Gwede Mantashe, Minister of Minerals and Petroleum Resources, will visit this mine for the third time since the incident on Monday. (Photo: Northern Cape Provincial Government/X)
The remains of the last two miners who have been underground for more than a month at the Ekapa mine in Kimberley were recovered on Monday morning.
This brings the death toll to five after a mudslide on 17 February, in a tunnel about 890 m underground.
It is understood that the families of the miners concerned have already been notified.
The first body was recovered on Monday last week and the remains of two more miners were brought out of the mine on Sunday morning.
Gwede Mantashe, Minister of Minerals and Petroleum Resources, will visit this mine for the third time since the incident on Monday.
Minister Gwede Mantashe has arrived at Ekapa Minerals following the discovery of mine workers who lost their lives in a mud rush incident pic.twitter.com/pQB9lij5Wg
— Department of Mineral and Petroleum Resources (@DMPR_ZA) March 23, 2026
Maroela Media previously reported that the Ekapa mine was also quietly liquidated in the Kimberley High Court on February 25, while the bodies of the trapped miners were still being searched underground.
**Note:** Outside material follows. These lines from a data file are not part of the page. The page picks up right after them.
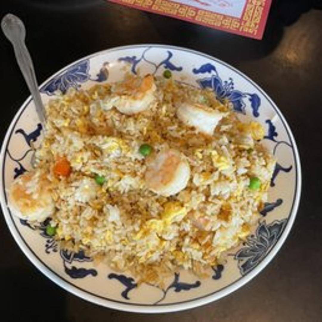 Classic fried rice dish featuring succulent shrimp, fluffy rice, scrambled egg, diced carrots, peas, and onions, all stir-fried in a savory blend of soy sauce and seasonings.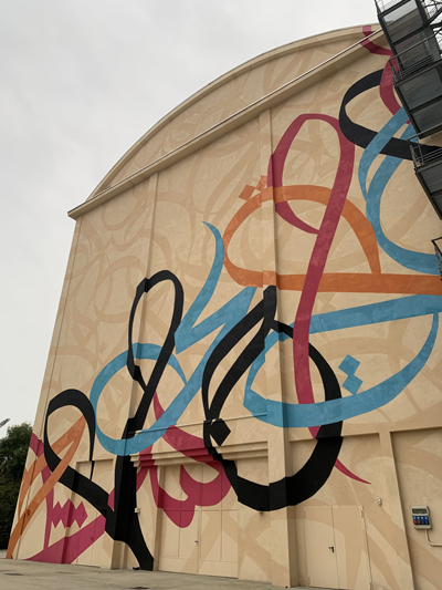 倉庫の裏に回ると、こちらには期間限定の壁画が(↓)。アラビア語なのかな? 巨大で迫力がありました。ミラノには、こうした企業の財団が運営する美術館がいくつもあるそうです。プラダ財団は有名ですね。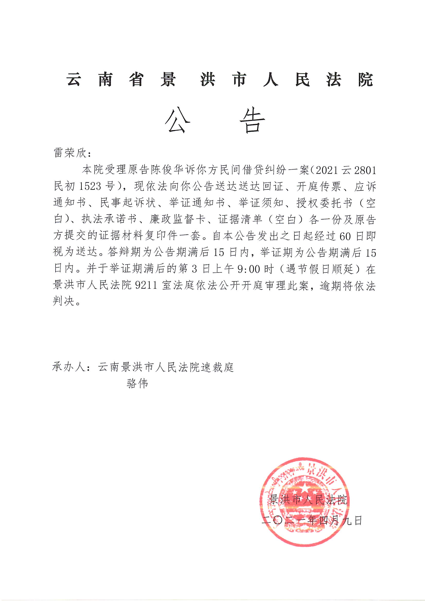 雷荣欣(传票公告)

All operations at the diamond mine were halted in terms of the liquidation process with immediate effect, meaning that hundreds of miners were suddenly out of a job. An application for liquidation was submitted after the mine’s management apparently reviewed the mine’s financial statements and came to the conclusion that it was no longer financially sustainable to continue as a mining and processing business.